> _Work to be completed_
Beginning with the line of the entries below that holds "Sheath/Column Silk Like" and ending with the line that holds "SVERIGE43 SUOMI USEIMPIEN", transcribe each line exactly as written. Pictures stay out.

> _Excerpted records_
........
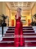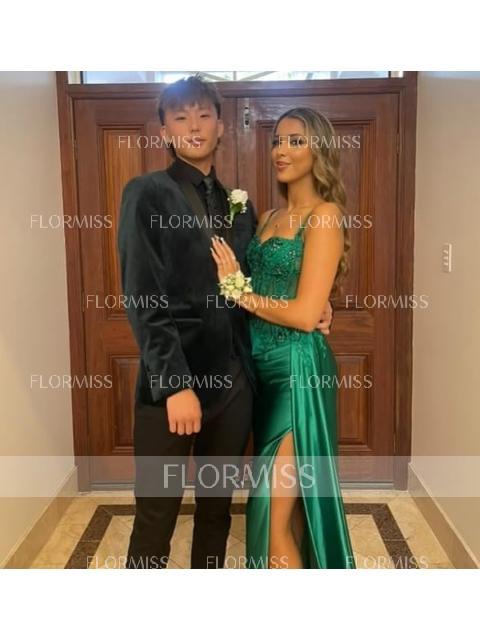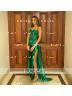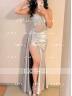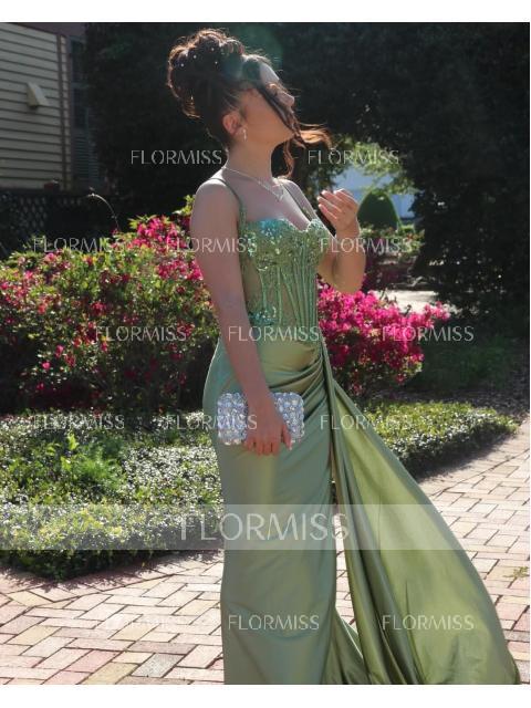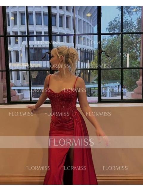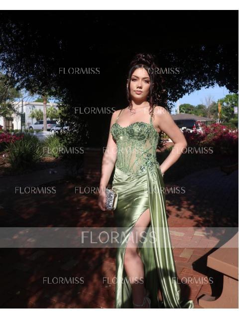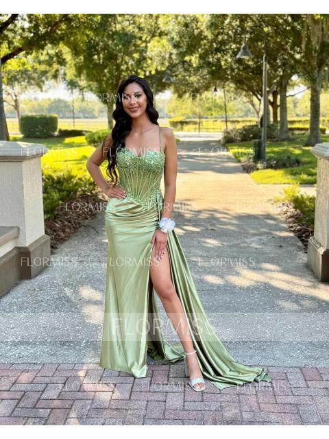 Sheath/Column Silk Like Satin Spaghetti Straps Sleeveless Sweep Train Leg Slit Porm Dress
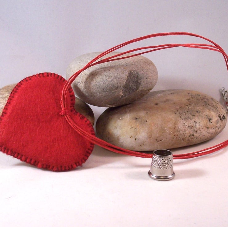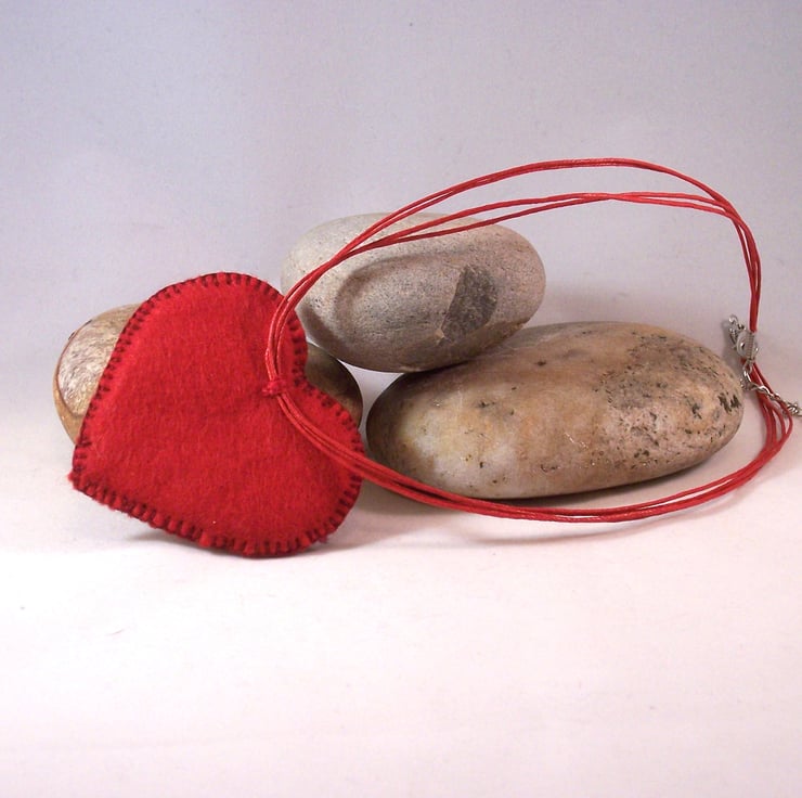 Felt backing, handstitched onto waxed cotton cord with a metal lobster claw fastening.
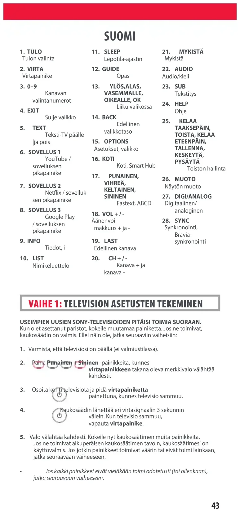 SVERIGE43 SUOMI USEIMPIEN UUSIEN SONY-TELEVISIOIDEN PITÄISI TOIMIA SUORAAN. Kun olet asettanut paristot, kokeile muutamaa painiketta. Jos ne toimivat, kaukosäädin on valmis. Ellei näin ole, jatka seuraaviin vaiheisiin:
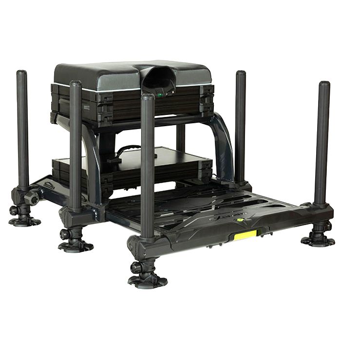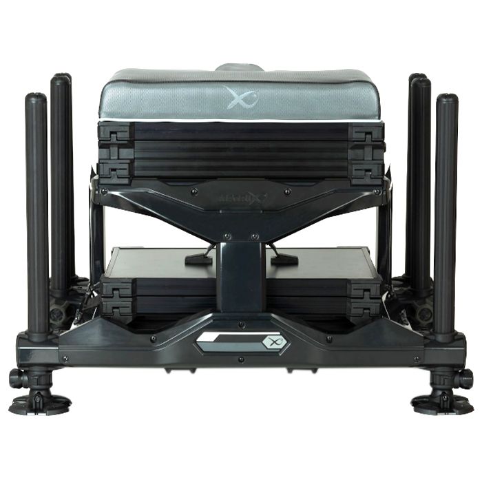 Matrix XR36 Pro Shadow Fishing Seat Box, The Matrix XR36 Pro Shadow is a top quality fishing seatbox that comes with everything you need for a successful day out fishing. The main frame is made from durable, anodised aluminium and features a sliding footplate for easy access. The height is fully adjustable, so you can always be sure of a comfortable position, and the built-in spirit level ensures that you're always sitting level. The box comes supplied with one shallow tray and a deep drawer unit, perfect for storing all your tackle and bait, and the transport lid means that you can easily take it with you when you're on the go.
........
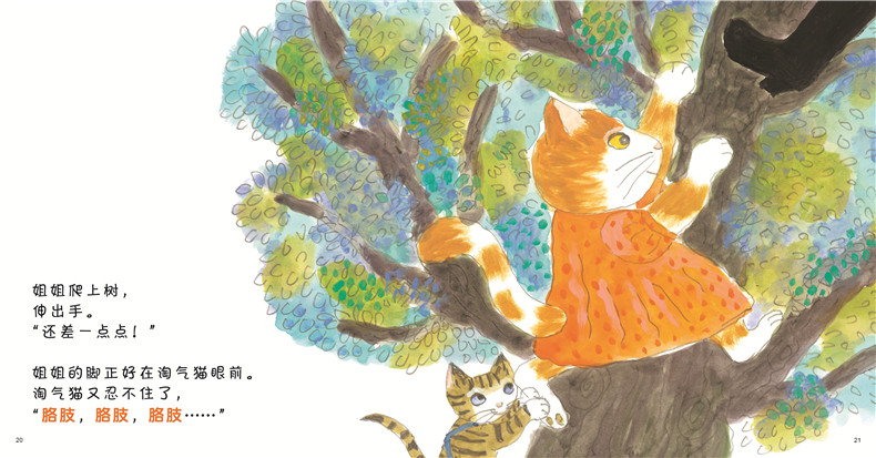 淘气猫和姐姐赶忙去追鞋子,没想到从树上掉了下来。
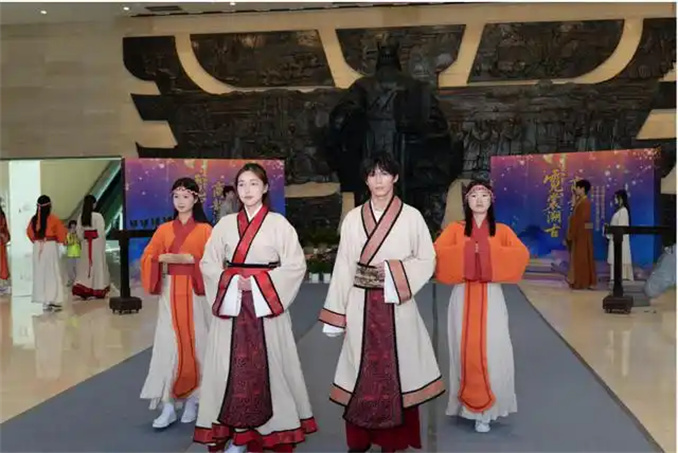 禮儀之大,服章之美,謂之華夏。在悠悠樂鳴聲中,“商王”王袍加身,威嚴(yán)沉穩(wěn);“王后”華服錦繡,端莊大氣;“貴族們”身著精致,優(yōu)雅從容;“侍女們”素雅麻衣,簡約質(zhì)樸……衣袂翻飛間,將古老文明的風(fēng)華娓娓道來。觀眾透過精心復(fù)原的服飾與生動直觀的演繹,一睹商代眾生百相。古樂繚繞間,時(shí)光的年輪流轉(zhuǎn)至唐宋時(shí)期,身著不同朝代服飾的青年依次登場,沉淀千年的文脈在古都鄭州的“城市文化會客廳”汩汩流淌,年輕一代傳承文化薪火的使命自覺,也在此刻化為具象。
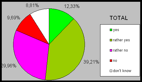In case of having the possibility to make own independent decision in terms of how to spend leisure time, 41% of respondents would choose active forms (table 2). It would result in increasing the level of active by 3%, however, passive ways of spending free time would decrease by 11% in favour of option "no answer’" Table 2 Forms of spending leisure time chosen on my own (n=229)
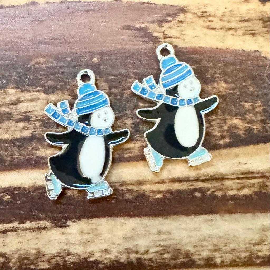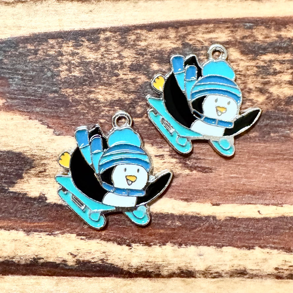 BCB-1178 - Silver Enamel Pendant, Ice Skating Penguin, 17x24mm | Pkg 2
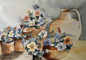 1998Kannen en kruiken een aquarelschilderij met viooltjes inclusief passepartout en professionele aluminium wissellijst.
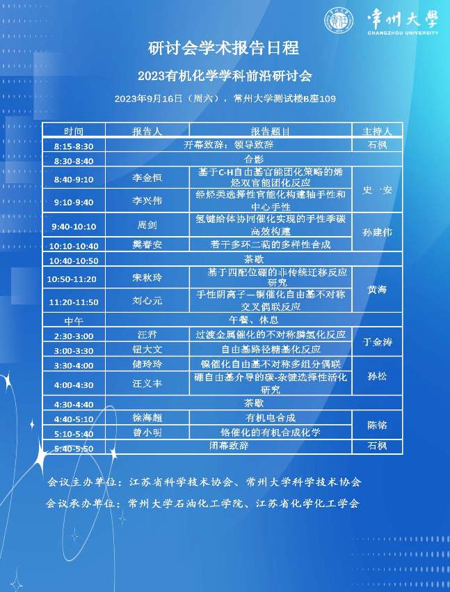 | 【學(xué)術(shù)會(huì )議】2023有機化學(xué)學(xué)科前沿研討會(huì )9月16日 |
........
> _Answer to this exercise_
 Sheath/Column Silk Like Satin Spaghetti Straps Sleeveless Sweep Train Leg Slit Porm Dress
 Felt backing, handstitched onto waxed cotton cord with a metal lobster claw fastening.
 SVERIGE43 SUOMI USEIMPIEN UUSIEN SONY-TELEVISIOIDEN PITÄISI TOIMIA SUORAAN. Kun olet asettanut paristot, kokeile muutamaa painiketta. Jos ne toimivat, kaukosäädin on valmis. Ellei näin ole, jatka seuraaviin vaiheisiin:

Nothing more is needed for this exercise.